### Work required
The required output is the lines below from the line containing "女さん「『秋鮭(生)』って書" to the line containing "MGO Jupi S Disposables", inclusive, retyped exactly. No other lines belong in it.

### Input for this task
# # # #
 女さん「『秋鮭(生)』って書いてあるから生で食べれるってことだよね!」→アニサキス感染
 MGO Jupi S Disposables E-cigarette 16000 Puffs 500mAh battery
# # # #
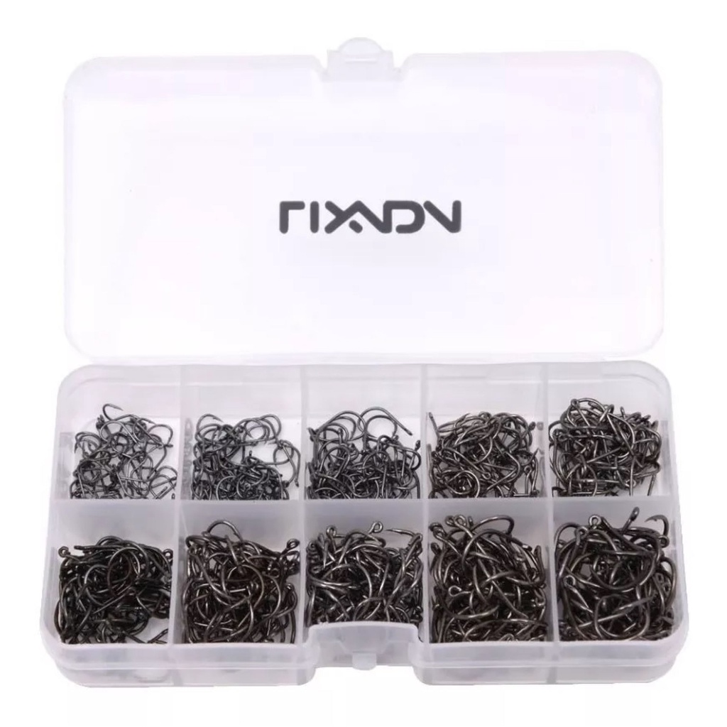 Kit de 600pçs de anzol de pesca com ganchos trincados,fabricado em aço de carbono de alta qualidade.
# # # #
### Result of this task
 女さん「『秋鮭(生)』って書いてあるから生で食べれるってことだよね!」→アニサキス感染
 MGO Jupi S Disposables E-cigarette 16000 Puffs 500mAh battery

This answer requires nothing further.